Куста вышел, походил несколько минут по дому и снова вернулся в пекарню.
— Там, слыхать, у дочки Ээвы дело плохо. То-то Вооренмаа и был в сердцах, — сказала Хильма.
— Да, по милости Ийвари Плихтари, — сказала Ловийса, неуместно резко громыхнув посудой.
Семейная жизнь Хильмы и Кусты развивалась своим чередом. Этим вечером в их разговоре, когда они наконец удалились в горницу для гостей, были серьезные повороты и долгие паузы. Семейство Плихтари — родные Хильмы — все назойливее день ото дня напоминало о своем существовании. Куста больше не чувствовал, что он наедине с Хильмой, даже в такие поздние, дорогие сердцу мгновения. Теперь в усадьбе было полно людей: торпари с дочерьми, Плихтари… и Хильма, дочь Плихтари, тут же. И в какой-то миг Куста ужаснулся: неужто он один среди всех них? И с каких пор? Может, с того вечера там, в каморке в Плихтари, когда Хильма ничего не могла сказать ему?.. Ведь вроде бы ничего другого не было, кроме тех двух вечерних мгновений: одного — на веранде людской, другого — там, по возвращении со свадьбы?
Было, было и другое. Уже в движениях этой женщины не стало застенчивости изящной и гибкой девушки из торпа, да и не требовалось. Ее располневшее тело заключало в себе нечто такое, чему нет дела до этих сложностей. Куста смотрел и смотрел на нее, словно только в этот миг заметил произошедшие с женой изменения; непривычно теплая нежность заполнила сейчас вдруг его кровь и душу. Исход всего старого из Салмелуса оставил после себя лишь пустоту, гнетущее действие которой нынешним вечером опять ощутилось столь сильно… Но эта зима сперва превратилась в весну, затем в лето — жизнь не остановится, ее лишь следует беречь. Был опять почти такой же миг, как тогда, весной, там, на веранде. Тихое всхлипывание Хильмы прекратилось, последняя реплика ее была уже забыта. Понуждаемый проснувшимся сильным желанием, Куста прильнул к жене и ласкал ее.

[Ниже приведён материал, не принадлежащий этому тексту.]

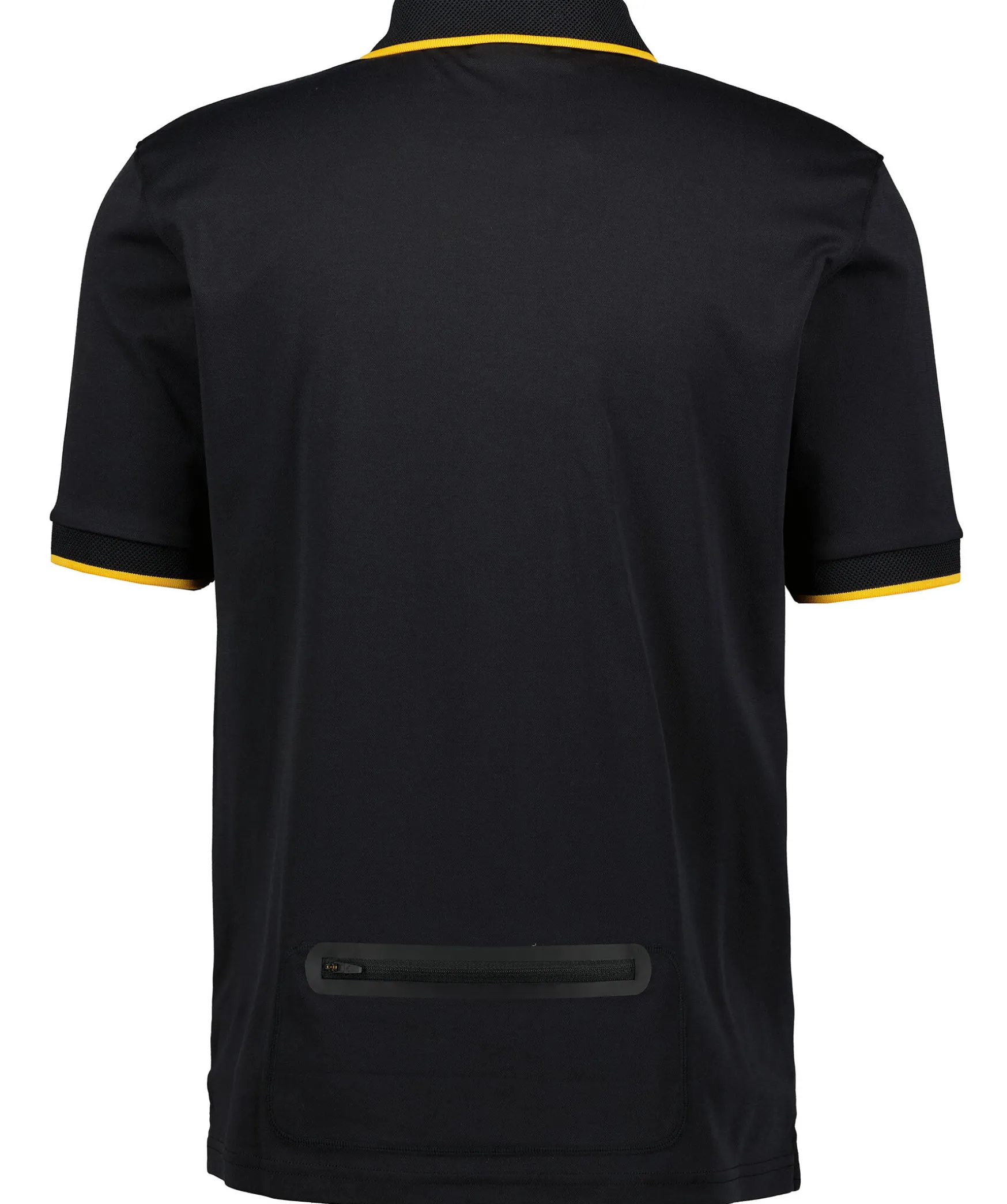 Svart Golfpike Med Orangea Detaljer Fran J.Lindeberg. Tillverkad I Bomull Och Polyesterblandning. Svart, Kort Dragkedja Fram, Korta Slitsar I Sidorna. Orange Logotyp Pa Sidan Av Brostet Och Orange Rand Langst Ut Pa Kragen Och Pa Mudden Pa Armarna.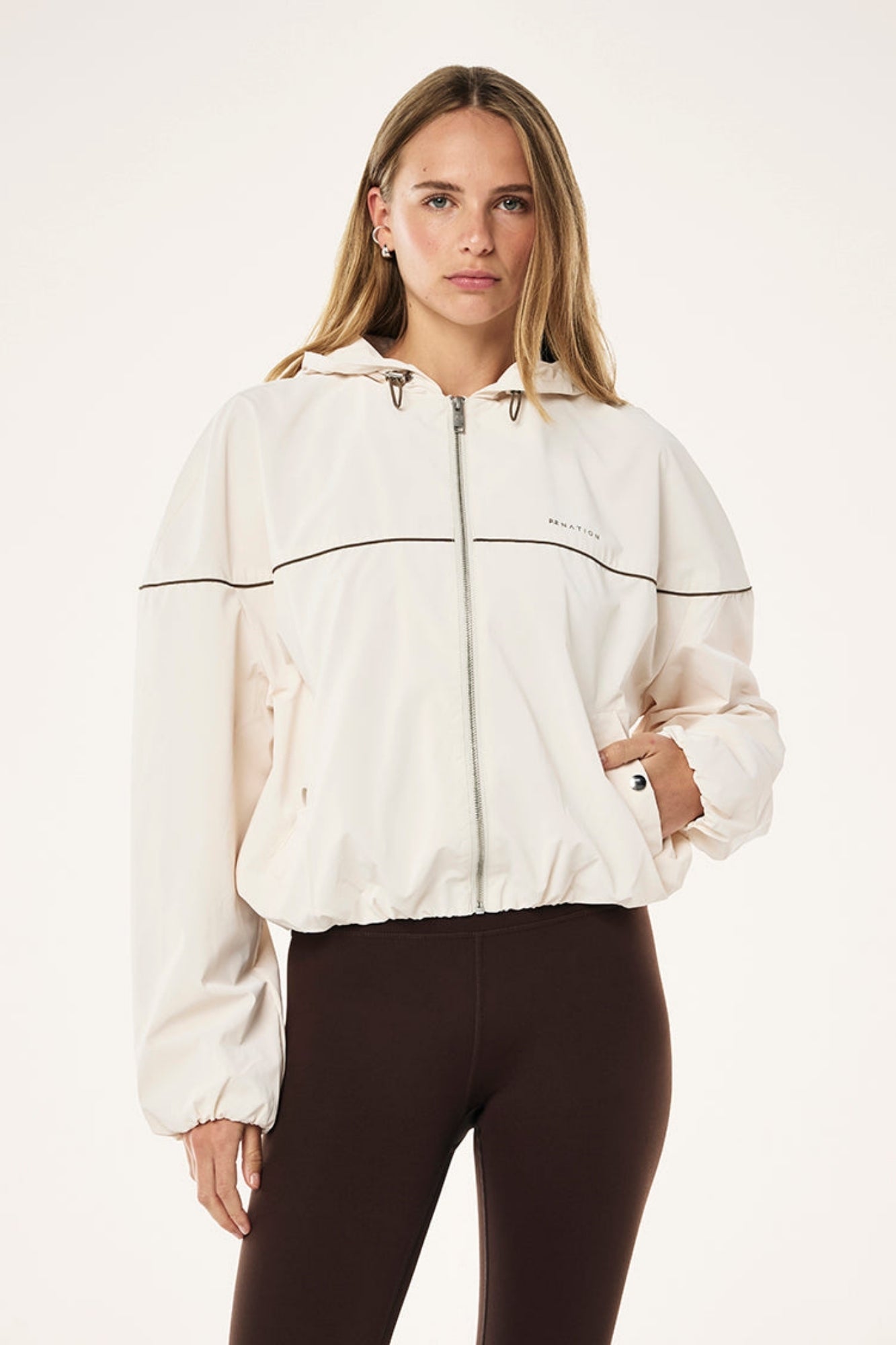 - The Vertex Jacket in Whisper White is designed in our signature lightweight spray fabric.

Глаза Хильмы еще блестели от слез, когда она сказала, улыбаясь:
— Не надо так резко… чтобы не повредить сыночку.
В такие мгновения вокруг них были лишь стены маленькой комнаты да знакомые вещи, частью принесенные Хильмой из ее каморки в Плихтари. Они спали, как дети, не ведающие ни о чем, ни о ком, но утром, когда они проснулись, вокруг опять было хозяйство, батраки, торпари, Плихтари.
В кухне как раз случилась Тильта Плихтари, на которую Куста, проходя мимо, посмотрел удивительно застенчиво и покорно. Затем выяснилось, что нужны деньги, там, дома, — это сказала Хильма. И когда в тот же день к вечеру кто-то пришел за своим жалованьем, хозяин не смог заплатить сполна — не хватало наличных, поскольку деньги розданы в долг еще старым хозяином… Было так, словно последствия утреннего визита Тильты Плихтари еще ощущались в доме. Куста изменился лицом, когда говорил с просившим жалованья: скулы его покраснели, и он посмотрел на Хильму, которой следовало все знать и понимать. Но на ее лице было то особое отсутствующее выражение, которое Куста замечал и раньше, когда они бывали наедине. Но теперь оно впервые появилось при постороннем.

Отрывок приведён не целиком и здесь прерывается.